Add any copyright information you possess, this could include details about ownership, usage and legal protection.
document.metadata.document_type
string
If you identify document types, this is the place to provide your classification values in free text form. Some of the examples of values we’ve seen here are: annual-report, interim-report, quarterly-report, earnings-release, shareholder-meetings-notice, earnings-call-transcript, earnings-call-slides, special-events-slides, sustainability-report, initial-registration-statement, podcast, audio-recording…

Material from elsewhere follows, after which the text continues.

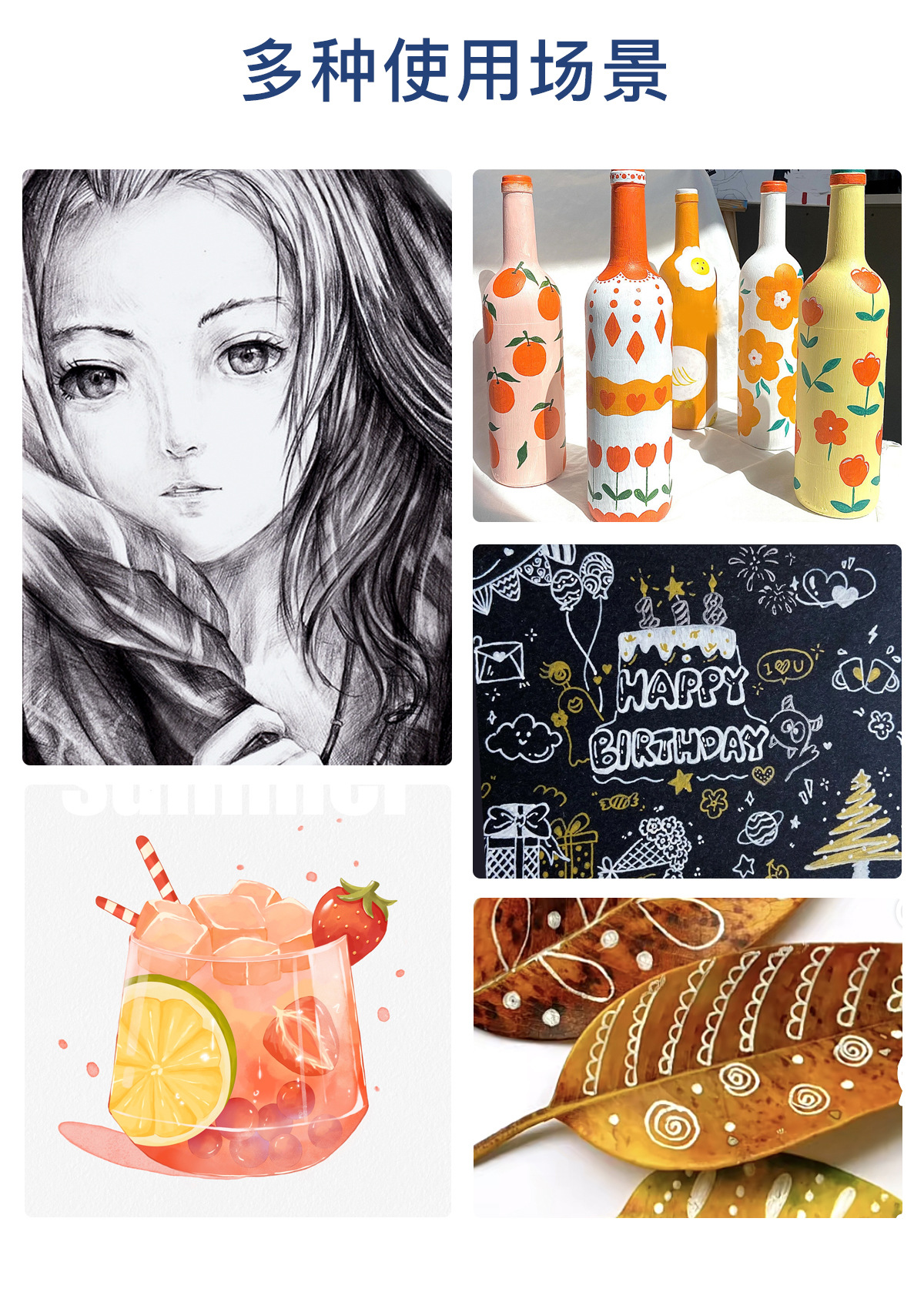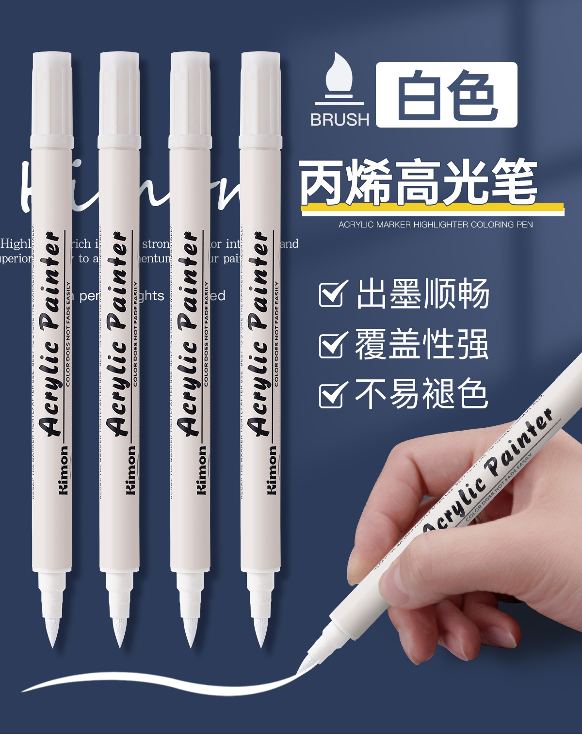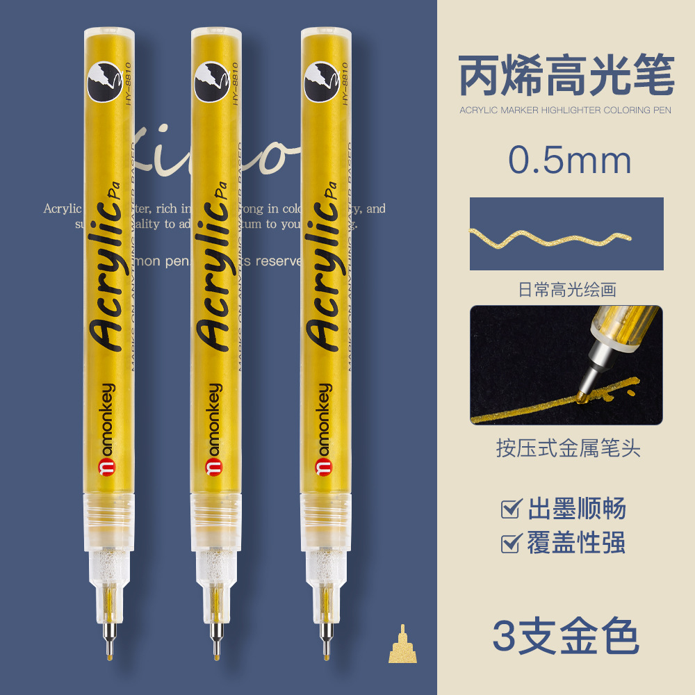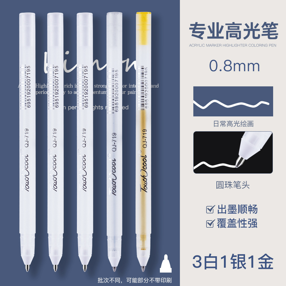 白色丙烯高光笔双头美术白笔防水高光白线细笔黑纸涂鸦白漆记号笔

Document - Metadata - Reporting Period

document.metadata.reporting_period.fiscal_year
int
Fiscal year, for example: 2024
document.metadata.reporting_period.fiscal_period
enum
Fiscal period - should be enum with the following values allowed: FY, H1, H2, Q1, Q2, Q3, Q4, M01, M02, M03, M04, M05, M06, M07, M08, M09, M10, M11, M12If you leave this field empty, we’ll assume it’s FY

Document - Metadata - Codes

This is an array that helps our classification understand better what is the document about - we use it to hint our detections so any standard identifier (such as ticker or ISIN) can help us a lot
document.metadata.codes.type
string
If you store any (standard) identifiers, such as ISIN, CUSIP etc., store the type here (and provide the value in the field below).
document.metadata.codes.value
string
Represents the value of the code associated with the document.
document.metadata.custom
string
Put here any additional metadata that doesn’t fit in other fields but describes the document such as labels or custom fields that will enhance its searchability.

Content

Both Title and Body objects follow the same block structure, with the same schema - don’t get confused if you see the same field names below ;)

Content - Title

content.title.content_type
string
required
IANA media type of the content block (text/plain, application/html).
content.title.value
string
required
Add the title of the document
content.title.role
string
The role of the content block in the document. For titles it’s typically HEADING
content.title.url
string
If you have any linked documents in the title or it contains graphical elements such as images, this is the place to put the URL

Content - Title - Section

The array of sections within the text. Doesn’t make much sense for title so feel free to skip this element
content.title.section.name
string
required
If you detect sections within a document, specify which section this content block belongs to. For Title it can just be a simple Title
content.title.section.parents
string[]
The array of parents in order of nesting for this section. For Title it will most likely be empty
content.title.section.metadata
string
If you have any section metadata, put it here.
content.title.pages
string[]
Array of page numbers - doesn’t make much sense for Title so either put 1 or just skip this field completely

Content - Body

content.body.content_type
string
required
IANA media type of the content block (text/plain, application/html).
content.body.value
string
required
Add the text of the content block.
content.body.role
string
The role of the content block in the document (NORMAL, HEADING, FOOTER, HEADER…).
content.body.url
string
If you have images or other asset elements as a part of your documents, this is the place to put their URL

Content - Body - Section

If you detect sections and are able to provide them, then certain fields are mandatory (like content.body.section.name), otherwise feel free to skip the whole section.
content.body.section.name
string
required
If you detect sections within a document, specify which section this content block belongs to.
content.body.section.parents
string[]
The array of parents in order of nesting for this section.
content.body.section.metadata
string
If you have any section metadata, put it here.
content.body.pages
string[]
Array of page numbers - typically it will be a single int indicating the page of the original document (for example PDF) where this content block (paragraph) is. In case the paragraph spans pages, provide multiple page values in this array.